Electric school buses are taking students back to school – bringing cleaner air and lower maintenance costs to school districts across the country. Writing in The Conversation on August 14, author Andrea Marpillero-Colomina, an adjunct lecturer in Urban Studies, The New School, disclosed that she doesn’t benefit in any way from the companies and organizations mentioned. Marpillero-Colomina’s full article, https://tinyurl.com/bdezwb59, is excerpted below.
“Nationwide, diesel-powered school buses produce more than 5 million tons of carbon dioxide emissions. They also generate air pollutants that are harmful to children’s health – especially fine particulates. Studies show that exposure to diesel tailpipe emissions worsens respiratory conditions, decreases lung function, and can lead to increased hospital admissions and emergency room visits.”

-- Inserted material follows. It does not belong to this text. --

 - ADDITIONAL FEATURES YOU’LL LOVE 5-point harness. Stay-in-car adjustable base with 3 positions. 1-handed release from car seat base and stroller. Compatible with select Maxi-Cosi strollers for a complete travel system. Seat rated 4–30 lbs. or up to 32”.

California has more than 1000 in service, Massachusetts 18 (click to see national map)
Yes, electric buses are expensive: “An electric school bus can cost up to $400,000, two to three times the price of a diesel bus. But electric buses have lower operating costs, so they save districts an estimated $4,000 to $11,000 per bus per year compared with diesel versions. That can make the costs of electric buses comparable over their lifetimes.

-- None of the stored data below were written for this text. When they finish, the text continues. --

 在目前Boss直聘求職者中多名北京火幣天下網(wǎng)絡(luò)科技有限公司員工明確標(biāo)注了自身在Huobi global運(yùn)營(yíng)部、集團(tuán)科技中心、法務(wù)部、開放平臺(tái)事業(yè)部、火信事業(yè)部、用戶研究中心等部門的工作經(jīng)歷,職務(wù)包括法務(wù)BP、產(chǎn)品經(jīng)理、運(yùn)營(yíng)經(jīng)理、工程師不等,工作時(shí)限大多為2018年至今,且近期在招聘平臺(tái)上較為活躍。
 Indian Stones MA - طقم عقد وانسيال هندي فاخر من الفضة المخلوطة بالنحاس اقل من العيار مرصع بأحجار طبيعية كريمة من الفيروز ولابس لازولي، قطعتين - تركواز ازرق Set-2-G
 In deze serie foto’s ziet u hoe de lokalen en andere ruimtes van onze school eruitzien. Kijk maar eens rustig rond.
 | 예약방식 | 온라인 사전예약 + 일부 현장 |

“Electric buses can also become power sources. Manufacturers are introducing buses equipped with bidirectional charging capability that can send stored electricity back to the grid when they are not in service. During summer months, when many school buses are not in use and power usage often peaks, utilities soon may be able to call on school districts to make charged buses available to help ease demand load. These buses can also be used as mobile generators during power outages and emergencies.”